Block of the Month - November

Craft, Sewing, Textiles, TutorialsKate Marsden

How is it November already?! I'm getting on nicely with my little quilt and today I'm sharing the second block I've designed...

This one features my Barbican fabric in both yellow and blue, Battersea in blue and my (now discontinued) Bankside design. Here's the template in case you'd like to stitch along with me:

I stitched these pieces together in the same way as I did last time - once again it is a little wonky!

I could probably resolve this by remaking the pattern pieces with the seam allowances added.

Ever impatient, I've decided to stitch the blocks together as I go along so I can see the quilt progressing...

It would be lovely if you could join in with me! You can find the first block here. If you do make one (or all of them!) please share with the hashtag #madebymrsmblockofthemonth

Made By Mrs M Block of the Month

Craft, Sewing, Textiles, TutorialsKate Marsden

So, I've been wanting to make a quilt from my fabrics for an age - but I've really struggled to find time. I'm also rather inexperienced with quilting - I have one wonky hand pieced quilt under my belt and I'm half way through an English paper pieced hexagon quilt (which I've been working on for 2 years...).
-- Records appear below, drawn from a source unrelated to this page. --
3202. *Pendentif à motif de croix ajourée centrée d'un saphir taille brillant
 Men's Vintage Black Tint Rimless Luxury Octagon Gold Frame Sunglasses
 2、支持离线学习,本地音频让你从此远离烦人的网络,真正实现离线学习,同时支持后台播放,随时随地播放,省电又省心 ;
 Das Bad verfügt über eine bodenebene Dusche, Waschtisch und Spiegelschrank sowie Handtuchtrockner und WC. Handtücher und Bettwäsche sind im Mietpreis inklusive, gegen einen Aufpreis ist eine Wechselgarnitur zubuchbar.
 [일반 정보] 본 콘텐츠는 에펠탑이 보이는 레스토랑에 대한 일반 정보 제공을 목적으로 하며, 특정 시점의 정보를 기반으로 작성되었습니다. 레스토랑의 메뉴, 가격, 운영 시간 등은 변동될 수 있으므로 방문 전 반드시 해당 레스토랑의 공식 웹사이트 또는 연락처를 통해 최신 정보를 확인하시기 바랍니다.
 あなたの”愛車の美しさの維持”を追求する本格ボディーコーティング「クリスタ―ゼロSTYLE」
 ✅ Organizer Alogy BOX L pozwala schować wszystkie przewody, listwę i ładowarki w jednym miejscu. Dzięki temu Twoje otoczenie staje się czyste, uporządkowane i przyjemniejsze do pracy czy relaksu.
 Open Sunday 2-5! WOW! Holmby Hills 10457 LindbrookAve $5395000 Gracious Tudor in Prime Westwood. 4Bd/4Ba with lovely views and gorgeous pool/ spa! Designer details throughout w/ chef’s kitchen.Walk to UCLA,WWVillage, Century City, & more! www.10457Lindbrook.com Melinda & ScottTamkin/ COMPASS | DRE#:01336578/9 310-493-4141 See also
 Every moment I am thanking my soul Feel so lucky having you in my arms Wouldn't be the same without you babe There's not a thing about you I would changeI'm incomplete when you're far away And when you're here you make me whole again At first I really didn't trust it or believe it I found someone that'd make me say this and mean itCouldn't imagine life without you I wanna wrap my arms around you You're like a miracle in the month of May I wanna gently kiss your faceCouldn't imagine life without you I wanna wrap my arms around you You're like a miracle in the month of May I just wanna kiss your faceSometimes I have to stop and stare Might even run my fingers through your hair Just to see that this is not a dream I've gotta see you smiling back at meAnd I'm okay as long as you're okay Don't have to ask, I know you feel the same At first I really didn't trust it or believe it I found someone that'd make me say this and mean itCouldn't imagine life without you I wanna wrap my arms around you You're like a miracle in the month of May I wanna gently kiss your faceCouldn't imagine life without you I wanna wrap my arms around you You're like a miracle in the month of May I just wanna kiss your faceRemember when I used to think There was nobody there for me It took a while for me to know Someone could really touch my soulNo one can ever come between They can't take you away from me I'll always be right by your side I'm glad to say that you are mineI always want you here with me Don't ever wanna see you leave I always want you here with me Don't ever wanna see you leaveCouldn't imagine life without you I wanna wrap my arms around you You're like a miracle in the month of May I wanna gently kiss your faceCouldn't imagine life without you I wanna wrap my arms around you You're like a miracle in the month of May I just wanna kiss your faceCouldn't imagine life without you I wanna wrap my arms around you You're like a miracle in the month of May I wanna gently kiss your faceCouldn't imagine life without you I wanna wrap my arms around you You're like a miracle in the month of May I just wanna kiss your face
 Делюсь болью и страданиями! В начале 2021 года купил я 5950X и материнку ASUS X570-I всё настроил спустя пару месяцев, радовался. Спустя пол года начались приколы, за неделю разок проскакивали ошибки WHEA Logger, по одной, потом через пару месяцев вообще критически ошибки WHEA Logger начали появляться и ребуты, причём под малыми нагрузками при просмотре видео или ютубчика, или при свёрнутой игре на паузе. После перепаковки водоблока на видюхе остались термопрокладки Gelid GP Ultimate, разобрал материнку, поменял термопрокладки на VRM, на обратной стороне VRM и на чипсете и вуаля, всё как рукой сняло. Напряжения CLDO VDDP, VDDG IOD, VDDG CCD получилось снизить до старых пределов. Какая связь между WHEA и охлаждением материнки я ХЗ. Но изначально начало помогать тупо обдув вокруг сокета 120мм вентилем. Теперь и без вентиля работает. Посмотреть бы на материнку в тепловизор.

It didn't bode well.

Then I had a thought - lots of the quilting magazines and various blogs do a block of the month - so why don't I try designing my own simple blocks using my fabrics and challenge myself to post one a month here? So, here's block number 1 and it's machine pieced...

Super simple (and already a little wonky - that'll be the charm *cough*). I've used my new Suburban Streets and London Town Dotty fabrics along with Barbican in blue. Here's how I made it, in case you fancy joining in!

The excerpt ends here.